INPUT FOR THIS TASK below:
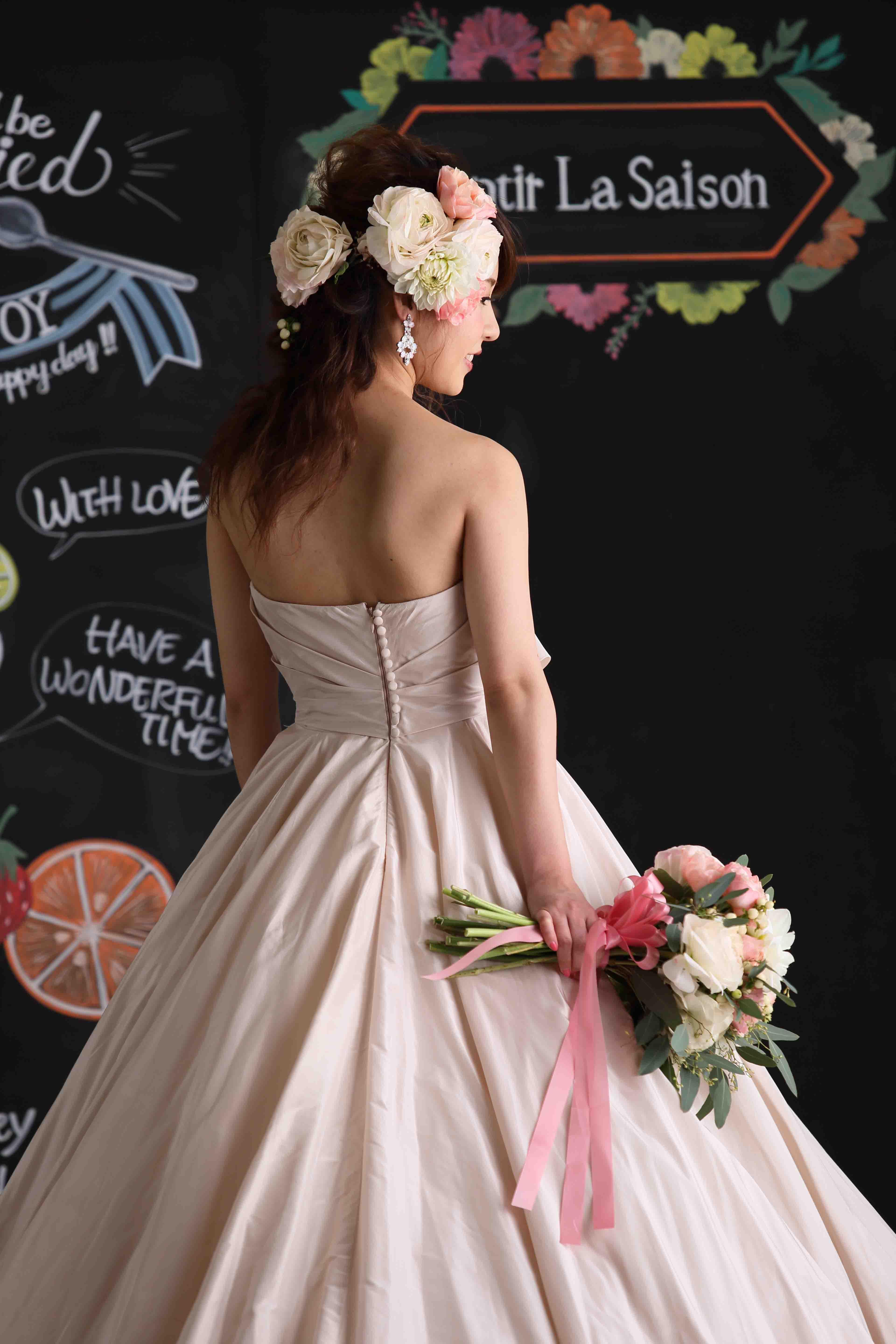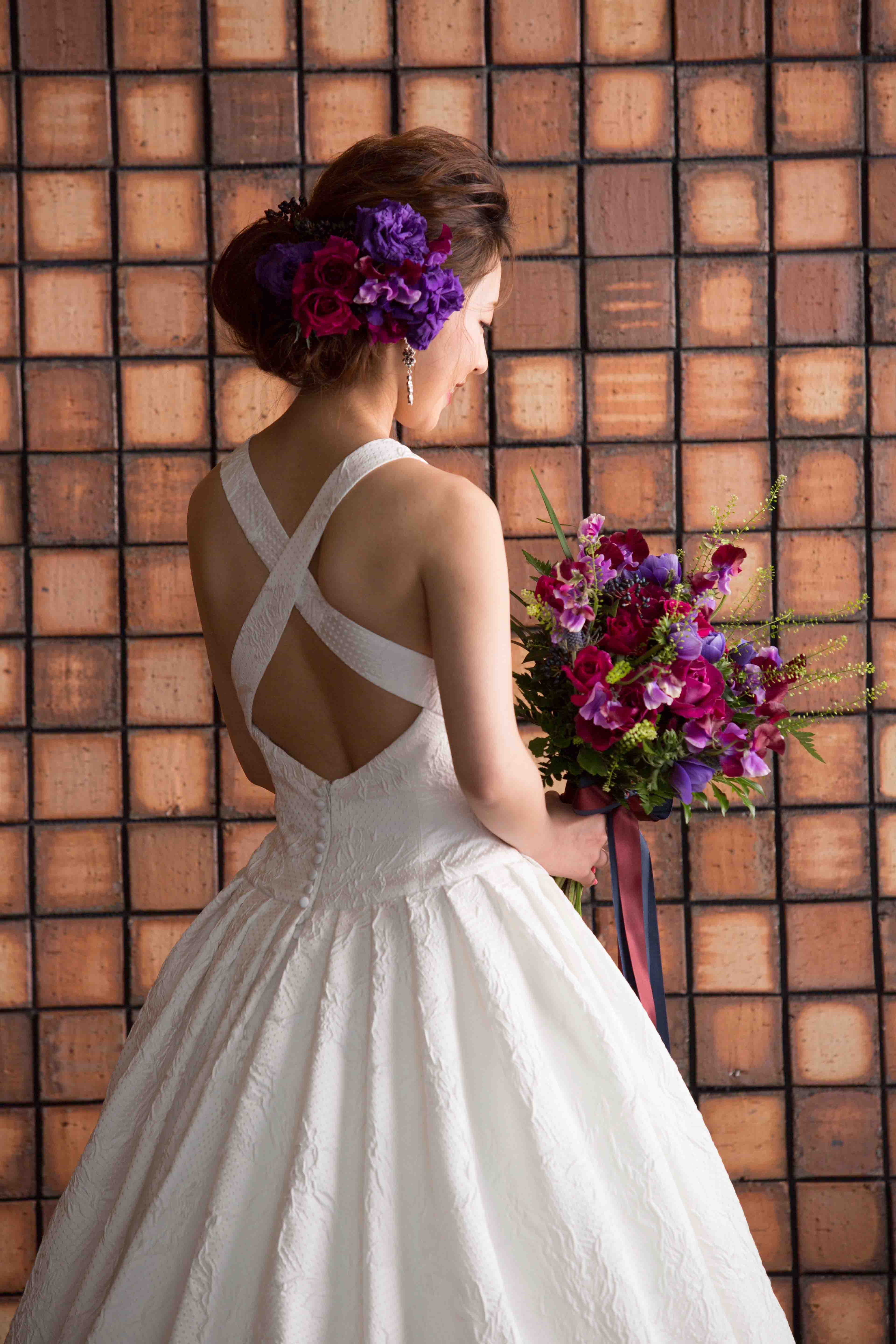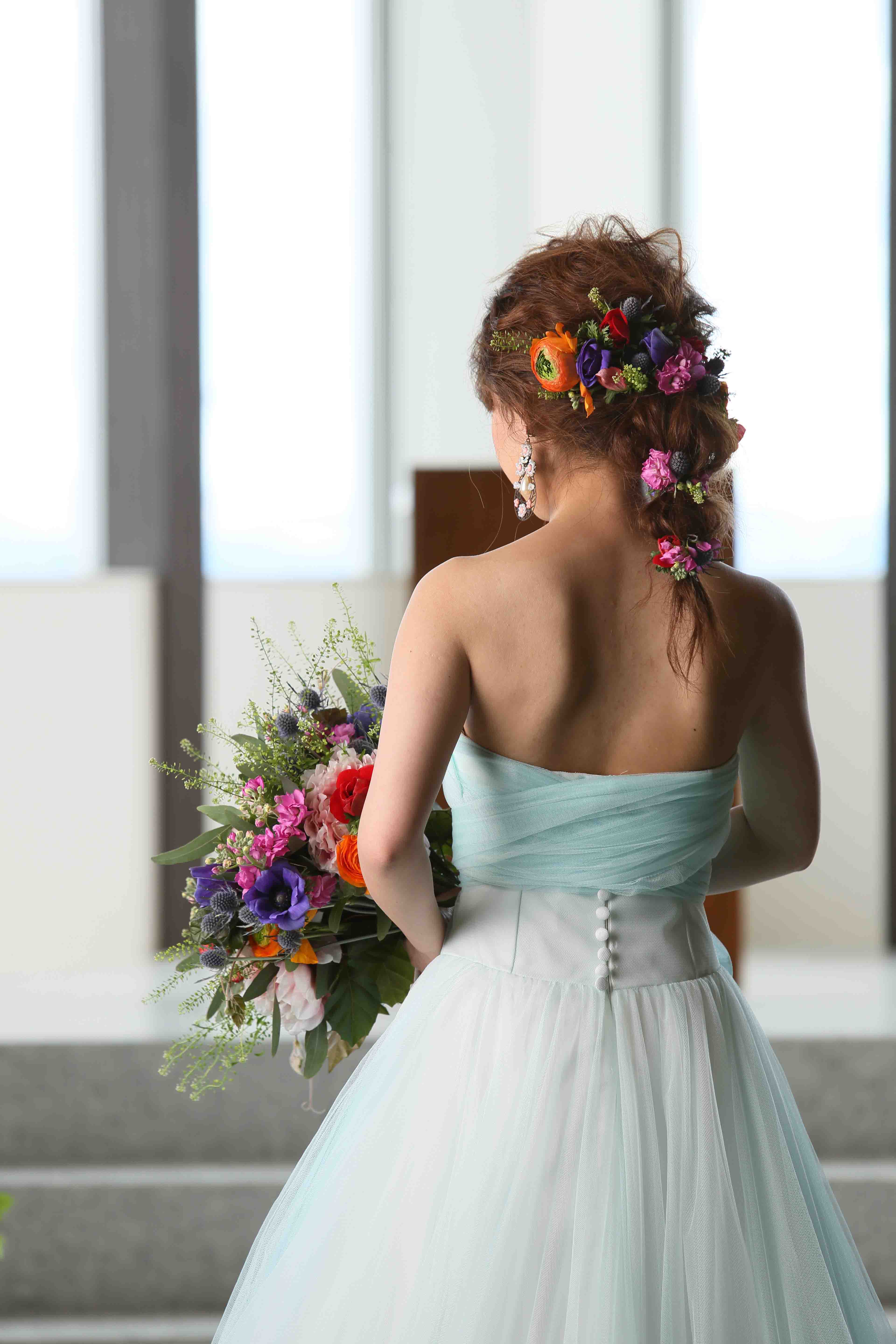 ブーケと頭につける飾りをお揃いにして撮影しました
End of INPUT FOR THIS TASK.
INPUT FOR THIS TASK below:
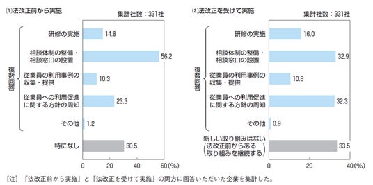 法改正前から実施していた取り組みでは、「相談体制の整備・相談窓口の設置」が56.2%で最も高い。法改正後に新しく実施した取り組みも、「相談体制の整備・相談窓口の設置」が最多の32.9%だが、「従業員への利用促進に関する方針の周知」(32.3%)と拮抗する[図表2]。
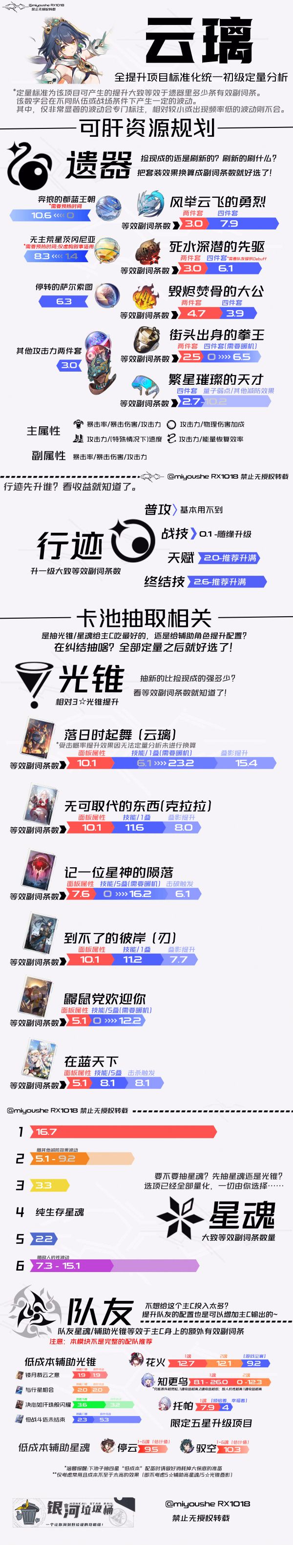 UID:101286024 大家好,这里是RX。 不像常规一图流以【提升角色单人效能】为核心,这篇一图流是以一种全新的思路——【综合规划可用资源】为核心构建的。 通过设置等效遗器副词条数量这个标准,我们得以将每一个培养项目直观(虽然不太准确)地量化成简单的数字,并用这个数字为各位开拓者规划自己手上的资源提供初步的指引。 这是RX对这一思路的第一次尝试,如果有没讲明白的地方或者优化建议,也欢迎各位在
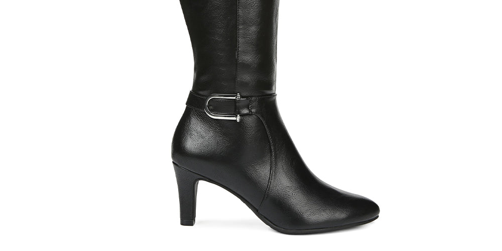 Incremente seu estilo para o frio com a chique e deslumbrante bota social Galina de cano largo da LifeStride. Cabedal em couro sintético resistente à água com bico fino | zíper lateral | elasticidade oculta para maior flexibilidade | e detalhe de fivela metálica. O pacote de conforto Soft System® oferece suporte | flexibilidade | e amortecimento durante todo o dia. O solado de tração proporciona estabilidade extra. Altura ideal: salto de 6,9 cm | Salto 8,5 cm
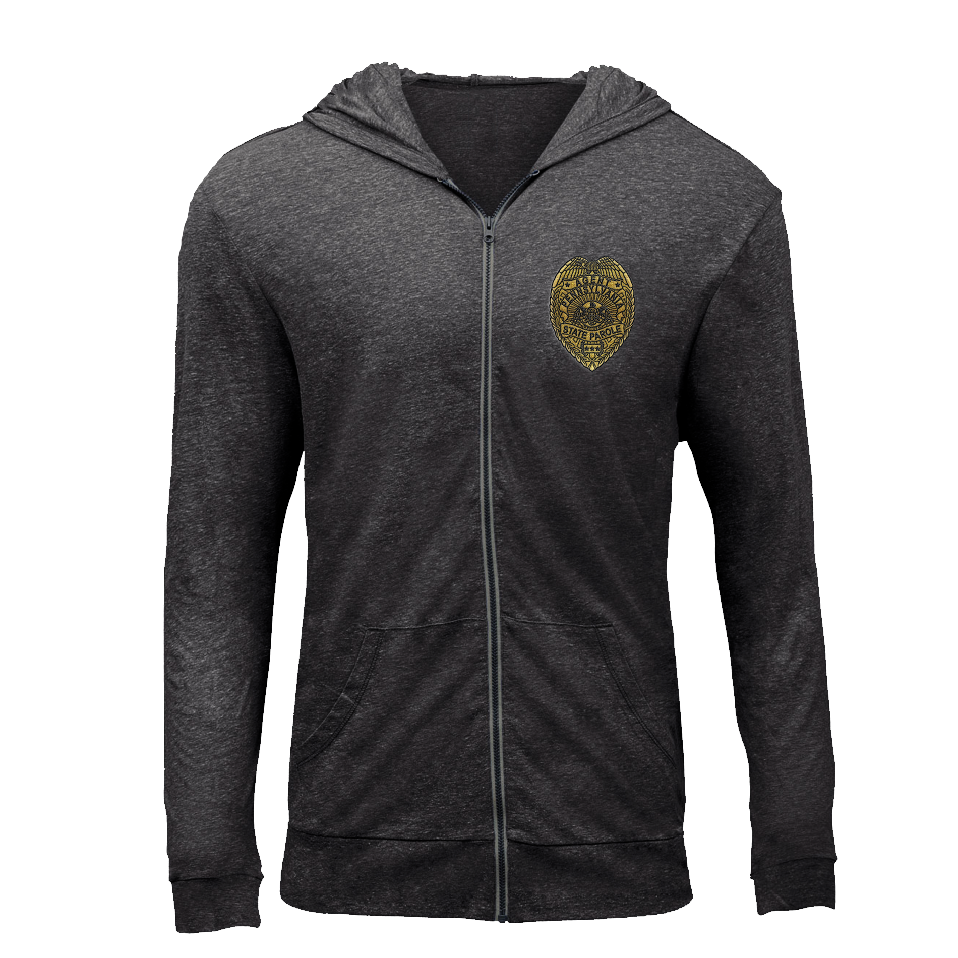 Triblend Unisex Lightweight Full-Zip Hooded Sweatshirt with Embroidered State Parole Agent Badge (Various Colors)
End of INPUT FOR THIS TASK.
INPUT FOR THIS TASK below:
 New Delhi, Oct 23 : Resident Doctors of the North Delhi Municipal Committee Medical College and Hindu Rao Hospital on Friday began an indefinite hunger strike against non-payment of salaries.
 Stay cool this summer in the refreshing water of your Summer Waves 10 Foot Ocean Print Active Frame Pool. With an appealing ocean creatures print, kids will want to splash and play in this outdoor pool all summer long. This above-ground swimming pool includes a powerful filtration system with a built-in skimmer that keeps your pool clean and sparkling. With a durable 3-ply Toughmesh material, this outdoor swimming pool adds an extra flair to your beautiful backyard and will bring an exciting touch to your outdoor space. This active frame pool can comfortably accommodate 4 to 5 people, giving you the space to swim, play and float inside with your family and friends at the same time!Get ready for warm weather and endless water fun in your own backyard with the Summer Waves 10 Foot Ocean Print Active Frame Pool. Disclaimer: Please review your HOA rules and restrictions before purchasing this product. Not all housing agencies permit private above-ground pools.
End of INPUT FOR THIS TASK.
Going by the entries above, repeat exactly the lines that start at the line with "Incremente seu estilo" and go on through the line with "Triblend Unisex Lightweight". Pictures are not part of the copy.

 Incremente seu estilo para o frio com a chique e deslumbrante bota social Galina de cano largo da LifeStride. Cabedal em couro sintético resistente à água com bico fino | zíper lateral | elasticidade oculta para maior flexibilidade | e detalhe de fivela metálica. O pacote de conforto Soft System® oferece suporte | flexibilidade | e amortecimento durante todo o dia. O solado de tração proporciona estabilidade extra. Altura ideal: salto de 6,9 cm | Salto 8,5 cm
 Triblend Unisex Lightweight Full-Zip Hooded Sweatshirt with Embroidered State Parole Agent Badge (Various Colors)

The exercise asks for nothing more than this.